┌────────

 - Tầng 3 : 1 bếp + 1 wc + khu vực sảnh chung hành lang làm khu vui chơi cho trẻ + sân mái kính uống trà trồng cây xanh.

└────────
┌────────

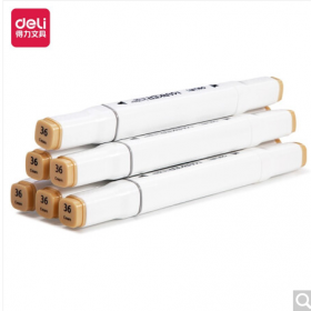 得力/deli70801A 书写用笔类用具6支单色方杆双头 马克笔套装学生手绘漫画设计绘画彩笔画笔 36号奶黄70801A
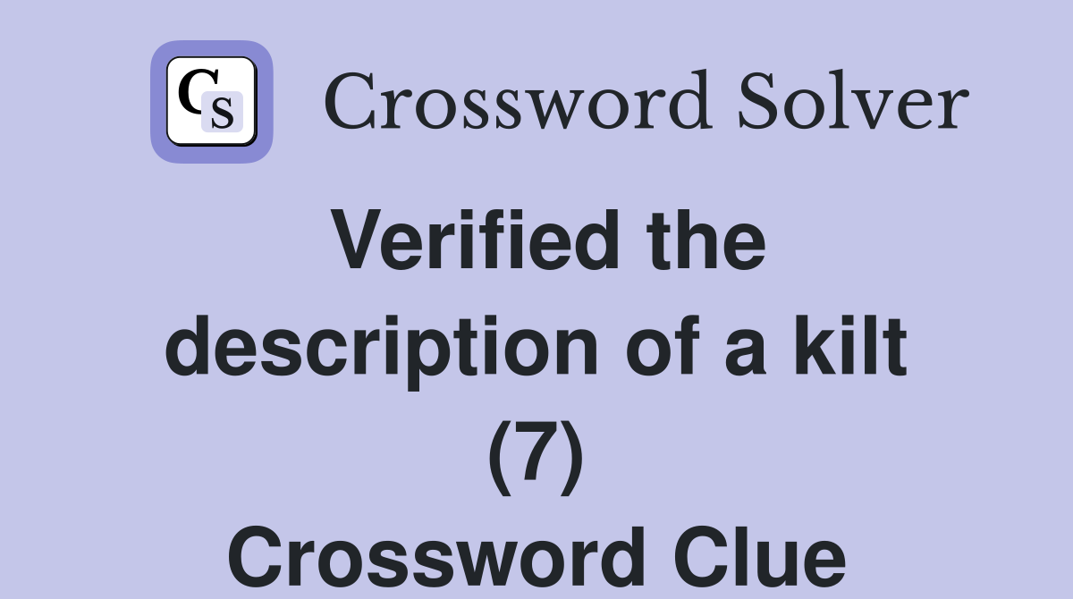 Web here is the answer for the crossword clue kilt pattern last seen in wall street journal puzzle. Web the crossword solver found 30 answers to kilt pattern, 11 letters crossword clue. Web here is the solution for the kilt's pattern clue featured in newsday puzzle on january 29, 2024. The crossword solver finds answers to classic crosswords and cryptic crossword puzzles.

└────────
┌────────

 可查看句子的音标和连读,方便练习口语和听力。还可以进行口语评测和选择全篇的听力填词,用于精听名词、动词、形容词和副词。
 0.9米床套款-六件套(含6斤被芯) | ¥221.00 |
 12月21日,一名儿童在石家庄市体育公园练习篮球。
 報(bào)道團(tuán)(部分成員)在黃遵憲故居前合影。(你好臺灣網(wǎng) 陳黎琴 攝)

└────────

Nothing should appear in the answer except the lines above from the line with "12月21日,一名儿童在石家庄市体育公园练习篮球。" through the line with "報(bào)道團(tuán)(部分成員)在黃遵憲故居前合影。(你好臺灣網(wǎng) 陳黎琴 攝)", both included, written out exactly.

 12月21日,一名儿童在石家庄市体育公园练习篮球。
 報(bào)道團(tuán)(部分成員)在黃遵憲故居前合影。(你好臺灣網(wǎng) 陳黎琴 攝)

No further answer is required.